Last year was quiet for compliance reform, but in 2022, some changes go into effect and several regulatory proposals take shape.

Here are the regulatory and risk issues that should be on community bankers’ radar this year. Many in this sample hold unknown results.

Changes going into effect

General Qualified Mortgage (QM) final rule. In April 2021, the Consumer Financial Protection Bureau (CFPB) delayed mandatory compliance for the General QM final rule from July 1, 2021, to Oct. 1, 2022. Lenders may use the old rule, the new rule or the Government Sponsored Enterprise (GSE) patch until then.

Home Mortgage Disclosure Act (HMDA) reporting thresholds. In April 2020, the CFPB increased the loan-volume coverage thresholds for financial institutions reporting data under HMDA. Effective Jan. 1, 2022, the current temporary threshold of 500 open-end lines of credit expires and reverts to 200.

Computer-security incident notification requirements. In January 2021, the Federal Reserve, FDIC and the Office of the Comptroller of the Currency (OCC) submitted a notice of proposed rulemaking to require banks to notify their primary federal regulator when they believe a “computer security incident” has occurred.
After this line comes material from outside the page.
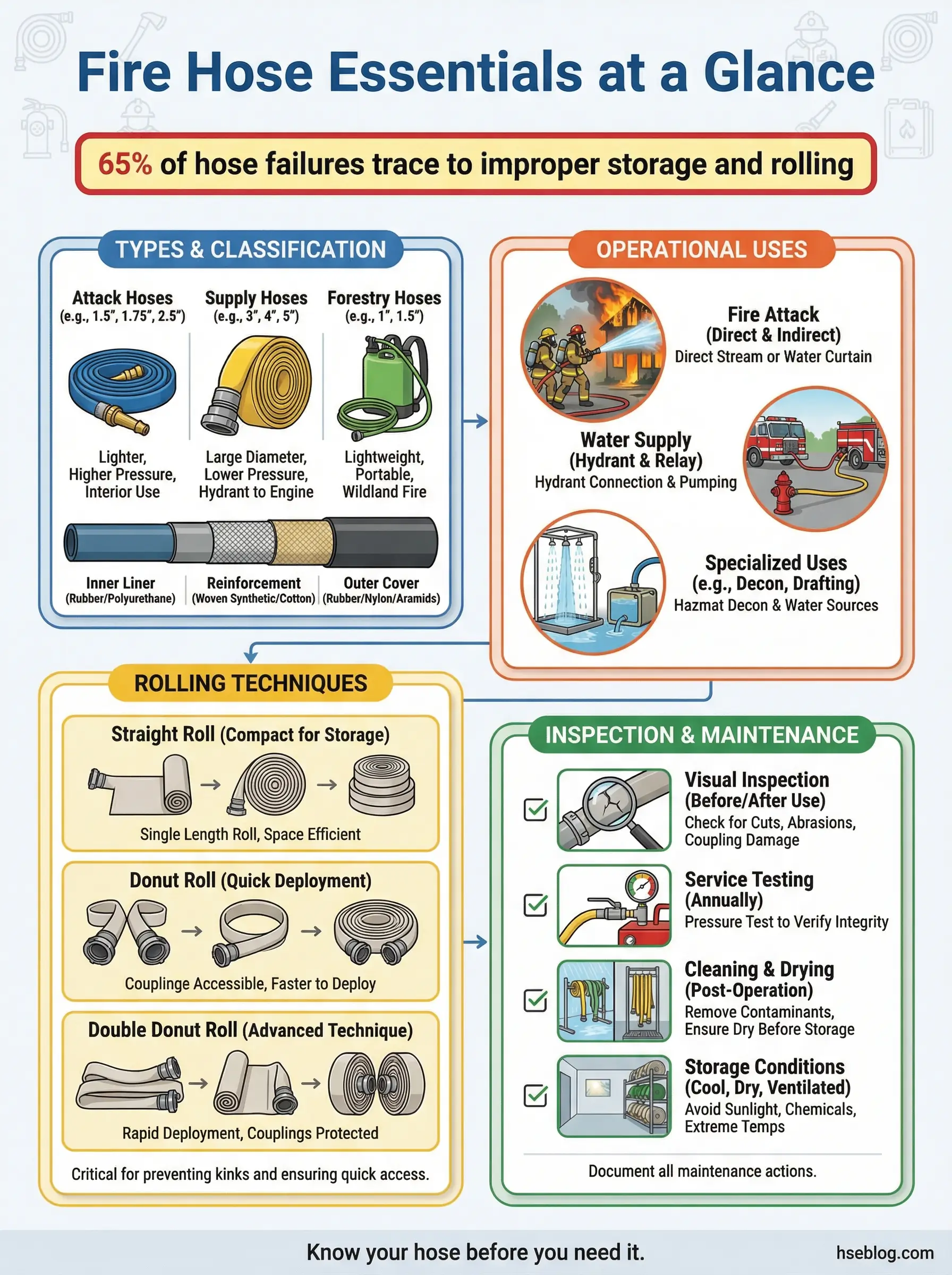 The fire hose connects your water supply to the fire. Every link in that chain — type selection, coupling compatibility, jacket condition, liner integrity, rolling discipline — must hold. When one link fails during an active fire, people get hurt. No shortcut in storage or maintenance is worth that outcome.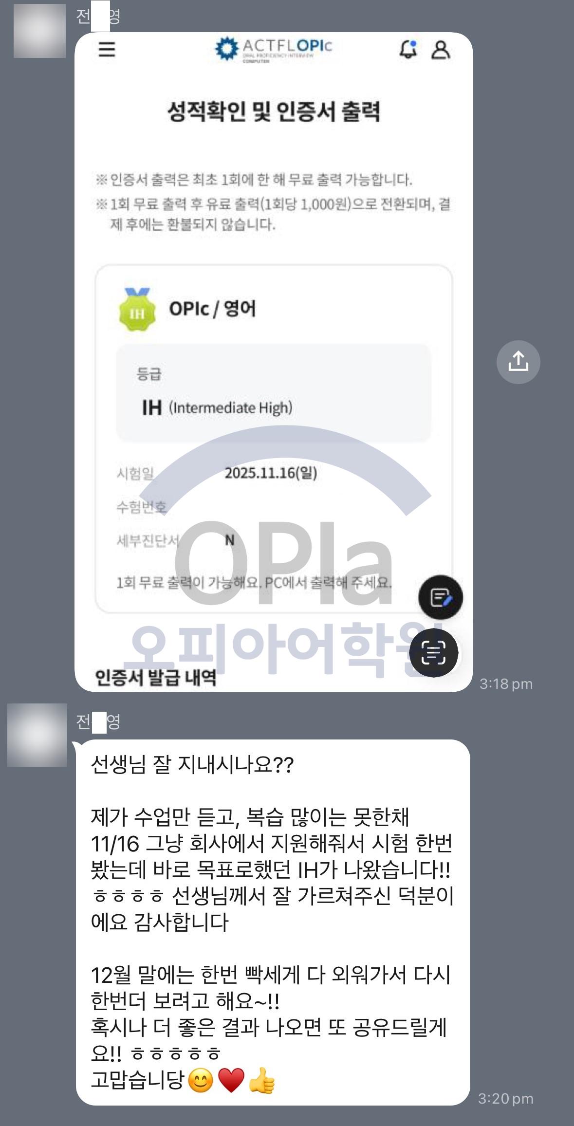 목표했던 IH 등급을 달성할 수 있겠다는 강한 자신감을 얻게 되었습니다.

Following a comment period, in which ICBA submitted a comment letter to the agencies expressing its concerns and recommendations, the agencies published a final rule in November 2021. The rule requires notification to regulators as soon as possible but no later than 36 hours after determining a notification incident has occurred. Further, the rule requires bank service providers to notify an affected bank if an incident could disrupt, degrade or impair services for four or more hours. The rule becomes effective April 1, 2022, with a compliance date of May 1, 2022.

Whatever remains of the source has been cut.